Downtrend has been forming on Pick n Pay since 8 Dec 2022.
It's been a difficult period for retailer and looks like there is more downside to come.
200>21>7 - Bearish
RSI<50 - Lower highs
Target R23.20
Apart from its distribution channel issues, I think the weakening rand is the main culprit for retailers downside.
There are a few fundamental reasons such as:
Import Costs:
Pick n Pay, like many other retailers, imports a significant portion of its products.
When the rand weakens, the cost of importing goods becomes relatively cheaper.

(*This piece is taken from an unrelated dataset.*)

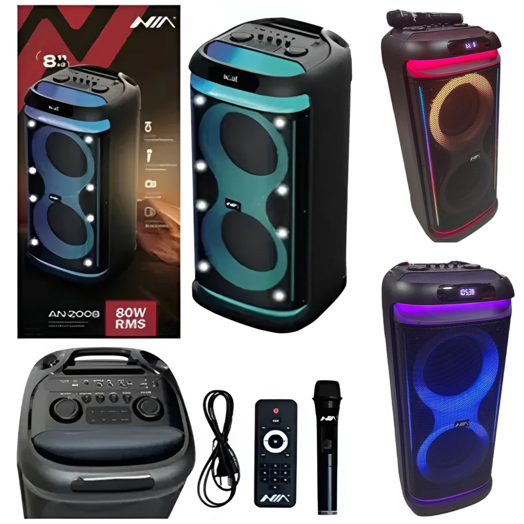 🎶 Potencia real 80W RMS con parlantes 2 x 8” + 1 tweeter, ideal para fiestas, reuniones y eventos.

This may lead to lower procurement costs for Pick n Pay, allowing them to reduce prices and remain competitive.
Reduced Demand:
A weakening rand can indicate economic instability or uncertainty, consumers may feel worried about their finances and may become more price-sensitive and demand lower-priced goods.
This gives Pick n Pay the undesirable incentive to respond by reducing prices. (Not that we've seen this!)
Supplier Negotiations:
When the rand weakens, suppliers may face higher costs for raw materials or imported goods.
In order to maintain their business relationships and secure supply, suppliers might negotiate lower prices with retailers like Pick n Pay.
These cost reductions can be passed on to consumers through lower prices.
Inflation Pressure:
A weaker rand can lead to higher inflation. Imported goods become more expensive, which can lead to higher overall prices for consumers. If inflation rises faster than wages, consumers may cut back on spending.